Copyright © 2013 Galichanin K, et al. This is an open access article distributed under the Creative Commons Attribution License , which permits unrestricted use, distribution, and reproduction in any medium, provided the original work is properly cited.
 
Journal of Ocular Biology | ISSN: 2334-2838 | Volume: 2, Issue: 1
 
Submission: 17 February 2014 | Accepted: 26 May 2014 | Published: 30 May 2014
 
Reviewed & Approved by: Dr. Vasantha Rao, Department of Ophthalmology and Pharmacology, Duke University School of Medicine, USA

Abstract

Purpose: The objective of the present study was to investigate the evolution of mRNA expression of the stress sensor GADD45α, the apoptosis initiator TP53 and the apoptosis executor CASP3 in the rat lens after in vivo exposure to sub-threshold dose of UVR-B.

Methods: Forty six-week-old female albino Sprague-Dawley rats were unilaterally exposed to a sub-threshold dose, 1 kJ/m 2 (1.1 W/m 2 for 15 min), of UVR (λmax = 300 nm). Anesthetized and dilated eyes were exposed to UVB radiation. The animals were sacrificed at 1, 5, 24 and 120 h post-exposure. mRNA expression of the GADD45α, TP53 and CASP3 genes in the lenses was measured by quantitative RT-PCR, and fold change in mRNA expression between exposed and unexposed lenses was calculated.

Results: mRNA expression for GADD45α increased to a 1.2 fold change at 1 h after exposure and then returned to no change at 120 h. mRNA expression for TP53 increased with a regression coefficient of 0.04 h -1 to a maximum of 1.67 fold change. mRNA expression for CASP3 increased with a regression coefficient of 4.5 x 10 -3 rel. units/h to a 1.46 fold change at 120 h after exposure.

Conclusions: A sub-threshold in vivo exposure to UVR-B causes a transient upregulation of the stress sensor GADD45α at 1 h after exposure, a saturating upregulation of TP53 and a subsequent constant upregulation of CASP3 in the rat lens.

Keywords

Lens; UVR; Sub-threshold; Dose; GADD45α; TP53; CASP3; Apoptosis

Introduction

Age-related cataract is the leading cause of blindness in the world [ 1 ]. Experimental [ 2-4 ] and epidemiological [ 5-7 ] studies associate exposure to UVR-B and cortical cataract. A cross-sectional Chesapeake Bay study of 838 watermen found a link between the degree of solar UVR-B exposure and human cortical cataract [ 8 ]. Subjects with cortical cataract had a 21% higher average annual exposure to UVR-B from the age of 16, indicating that damage to the lens is cumulative. A recent experimental study in rats concluded that repeated daily in vivo sub-threshold exposures to UVR-B for 30 days partly cumulate and cause cataract in rats [ 9 ].
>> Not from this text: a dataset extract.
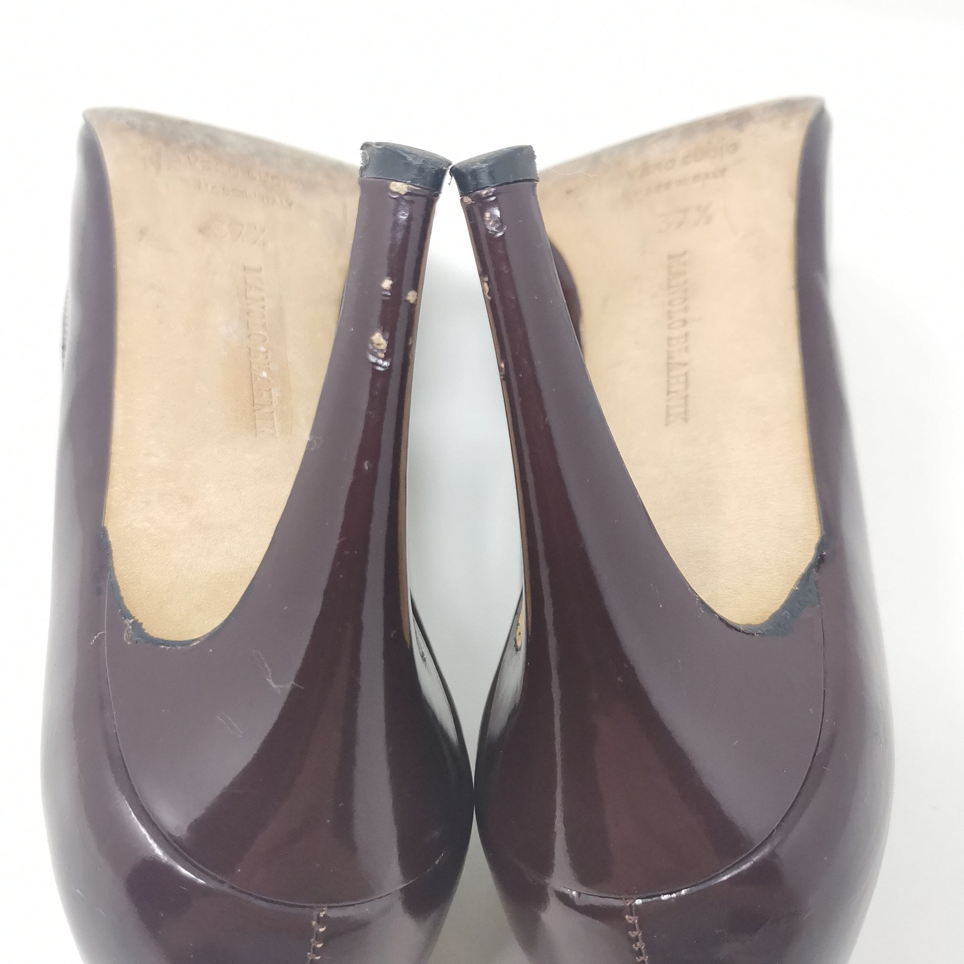 Pumps in brown / bordeaux shiny leather with tassels on the upper. Heel 8.5 cm high, the inner sole in leather with some halo measures about 24.4 cm. The marked outer sole is in leather, some small marks on the heels, edges and leather parts in general. Size 37.5 EU.
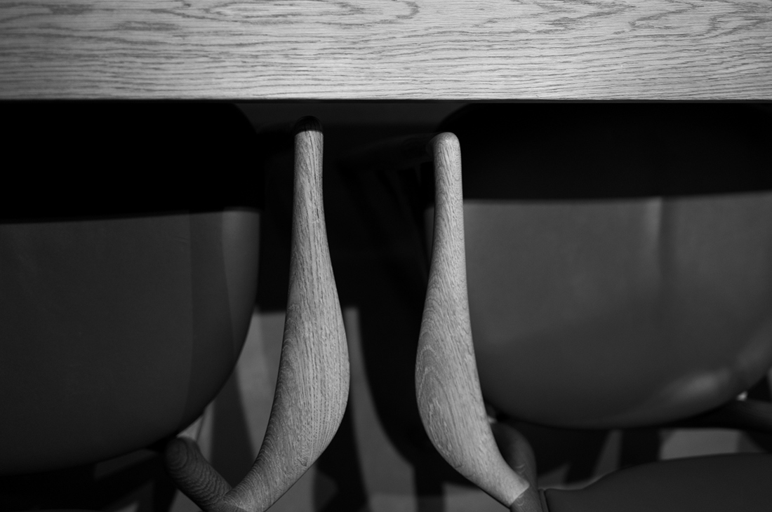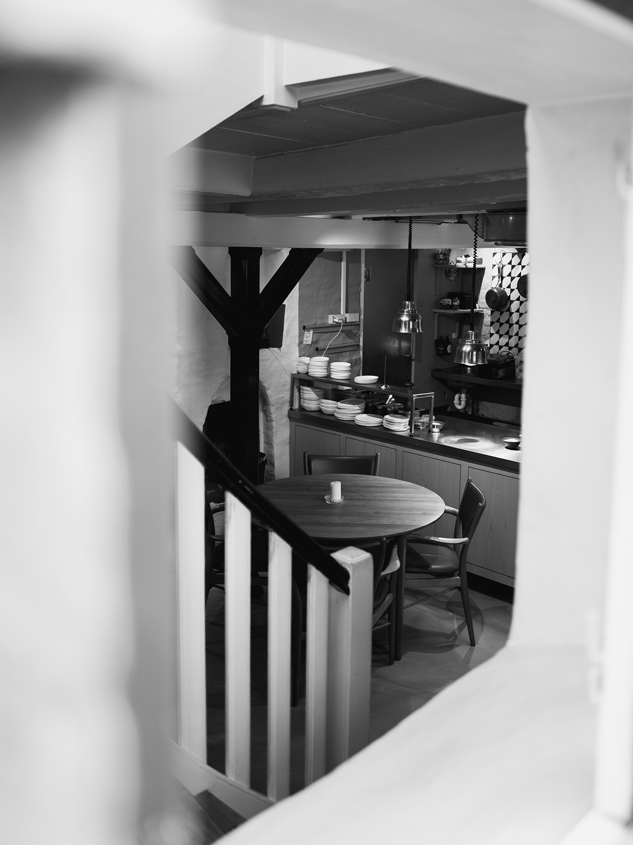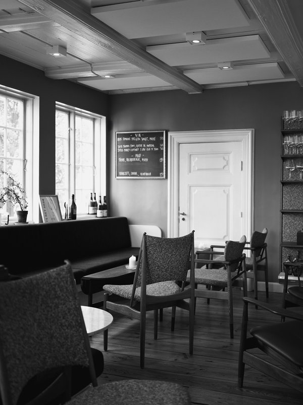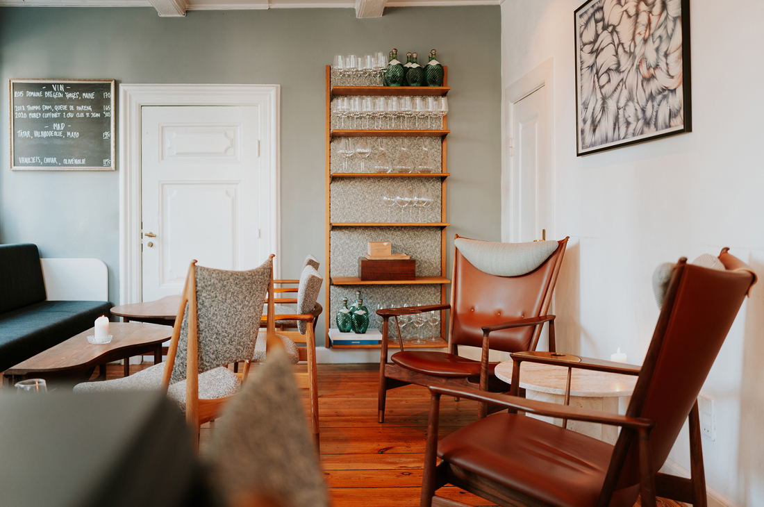 A glimpse through the bar on Gammel Mønt, tastefully furnished with pieces like the Egyptian Chair and the 48 Chair by Finn Juhl.

One of the mechanisms involved in cataract formation in humans and animals is apoptosis [ 10 ]. UVR-B induces apoptosis in lens epithelial cells in vitro [ 11 ]. Transmission electron microscopy studies showed UVR-B induced apoptosis in the lens in vivo [ 12,13 ]. Proteins p53 and caspase 3 are critical in apoptosis.

p53 is a protein encoded by the TP53 gene. Caspase 3 is a protein encoded by the CASP3 gene. Both p53 and caspase 3 are involved in apoptosis as initiator and executor, respectively [ 14 ]. Active p53 binds to DNA and initiates transcription of genes involved in cell cycle arrest, DNA repair, genomic stability and apoptosis [ 15 ]. Caspase 3 is a main cysteine protease that acts as an apoptosis executor protein. Caspase 3 activates the endonuclease CAD to degrade DNA and proteases to degrade cell proteins. In molecular biology, caspase 3 is used as reliable marker of apoptosis with better sensitivity than TUNEL staining [ 16 ].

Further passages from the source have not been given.